Men on Weight, Women on Cake

The perfect body?

We live in age, much to many people’s annoyance, in which image and appearance are both valued and scrutinised. In a society that claims to hire and fire based on your appearance, how superficial are we? The continuous flow of magazines showing provocatively dressed women, no longer reserved for top-shelf men’s ‘health’, show our society the ‘average’ woman: tall, gorgeous, non-existent hips and legs longer than humanly imaginable. All this, and men still insist we relax and just embrace our natural figure?

The 21st century celebrity world is packed full of A-listers whose job it is to ensure they remain youthful and thin. Everyday glossy magazines across the country bombard us with weight-loss secrets and tips on getting the perfect flat stomach, so is it really any surprise that we feel just a little hard done by? Such is the state of ‘normal’ everyday life, that many people have now begun buying into this bizarre -and highly unrealistic- image of women. Women themselves are no exception to this; whilst acknowledging the extreme dedication this takes and the stupidity of it all, most of us are still guilty of at the same time secretly envying their beautiful bodies. Of course there is also the insecurity of men. Most women want to physically appeal to a man in their lives, and the success of doing this seems possible only by losing half a stone.

The perfect body?

No matter what male friends, boyfriends or husbands reassuringly tell us though, there is still the element of fear and doubt in women. And why not? Let’s not deny that most young men are mesmerised by the sight of Jessica Alba or Megan Fox. During a recent episode of Pointless with a group of 19-21 year-old men I found this to be painfully true. The question was based around FHM’s 100 sexiest women of 2012. Predictably, the group were thrown into chaos as they quickly attempted to name between them every famous woman they found attractive and why. Awkward. Names agreed on by most were Cheryl Cole, Pixie Lott, Beyoncé, Rihanna and Mila Kunis. All young, sexy and flawlessly skinny. Yet these same men talk negatively of the image conveyed by magazines to young women on a daily basis. How exactly does this work? Sorry guys, but you can’t drool over it and condemn it at the same time.

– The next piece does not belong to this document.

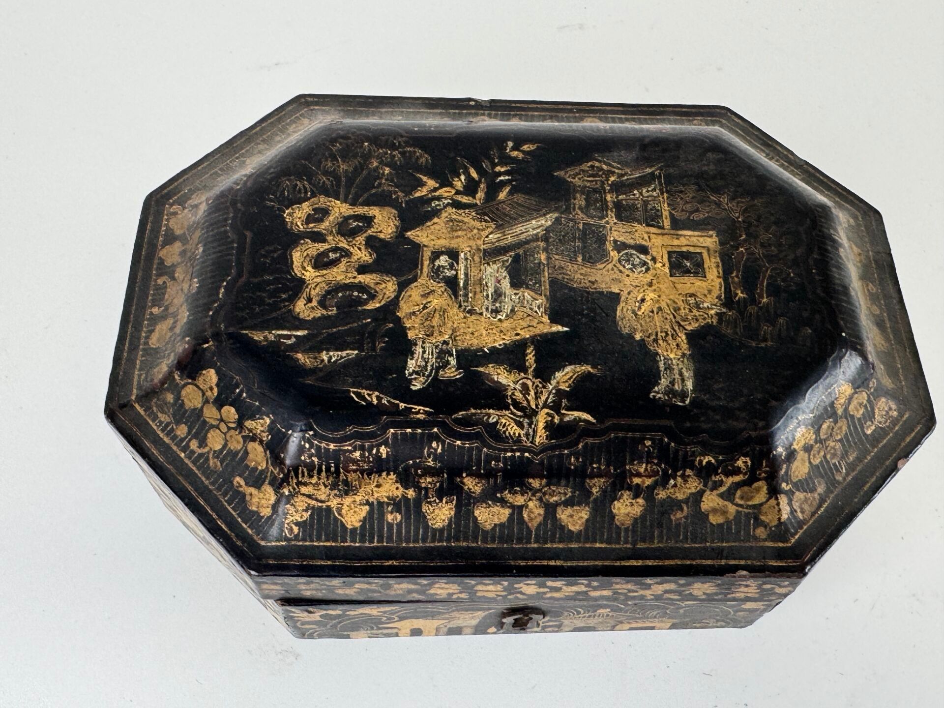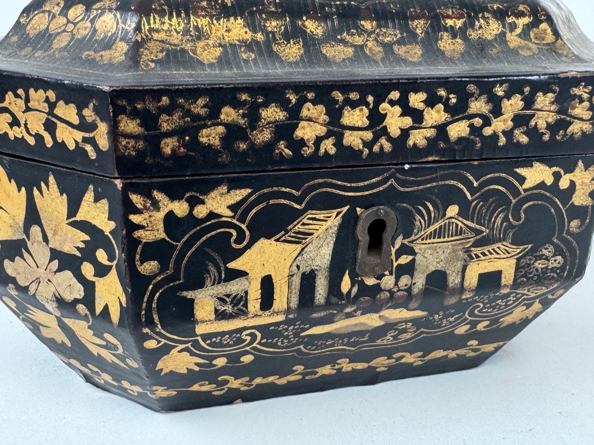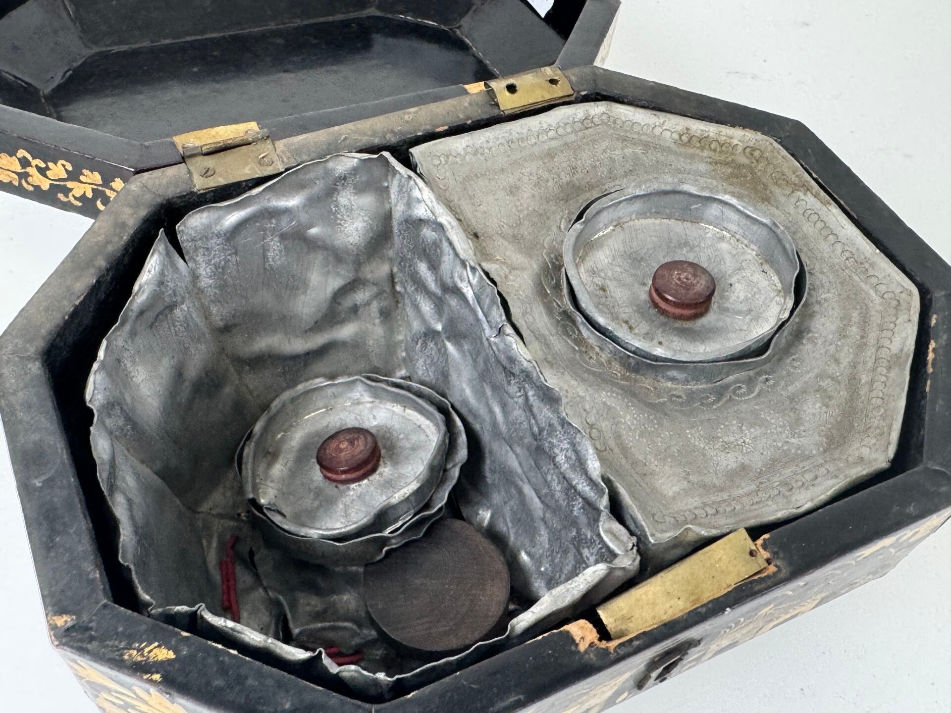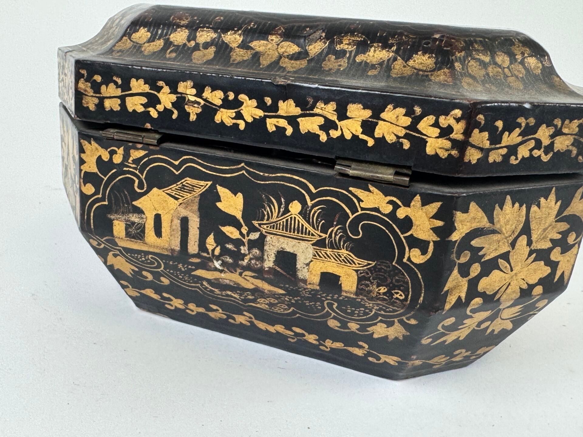 Lacquered wood tea caddy with gold decoration of Asian landscapes, metal compartments inside.

So it’s not just the distant land of celebrity that yearns after this unattainable perfection. Because as much as men complain about women who can’t enjoy themselves properly when out for dinner, or who obsess over calories constantly and compare themselves to other women around them; really what they want is the end product without all the behind-the-scenes gross stuff. Men want to be able to look at pictures of sexy women in magazines and enjoy it for what it is, not have to think about how long she spends at the gym or how boring her daily diet must be. Unfortunately ladies, this is the harsh reality for most of us.

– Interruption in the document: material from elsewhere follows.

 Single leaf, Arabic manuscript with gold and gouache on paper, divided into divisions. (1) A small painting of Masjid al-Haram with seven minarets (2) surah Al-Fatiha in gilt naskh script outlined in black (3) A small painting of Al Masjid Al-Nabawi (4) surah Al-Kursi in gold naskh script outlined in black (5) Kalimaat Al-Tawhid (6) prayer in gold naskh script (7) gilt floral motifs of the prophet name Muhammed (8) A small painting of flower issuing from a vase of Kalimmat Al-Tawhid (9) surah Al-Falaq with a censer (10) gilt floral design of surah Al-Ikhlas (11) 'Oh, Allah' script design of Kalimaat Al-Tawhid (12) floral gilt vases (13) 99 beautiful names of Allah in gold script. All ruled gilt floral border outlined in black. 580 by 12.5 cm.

It’s not just men that are the problem though. Many people –including women- are quick to point the finger at men who find these skinny women attractive, however they’re not the only ones. It’s us, the women that cause the damage here too. Because men will think and fancy whoever/whatever they want regardless of our opinion, but it’s our constant efforts to try and fit in with their desires that have turned this from an innocent fantasy of an attractive celebrity into a realistic desire that seems suddenly attainable.

So maybe we do all need to relax and learn to feel comfortable with ourselves, leave the gym to the celebrities, and curl up with a family-sized mince pie.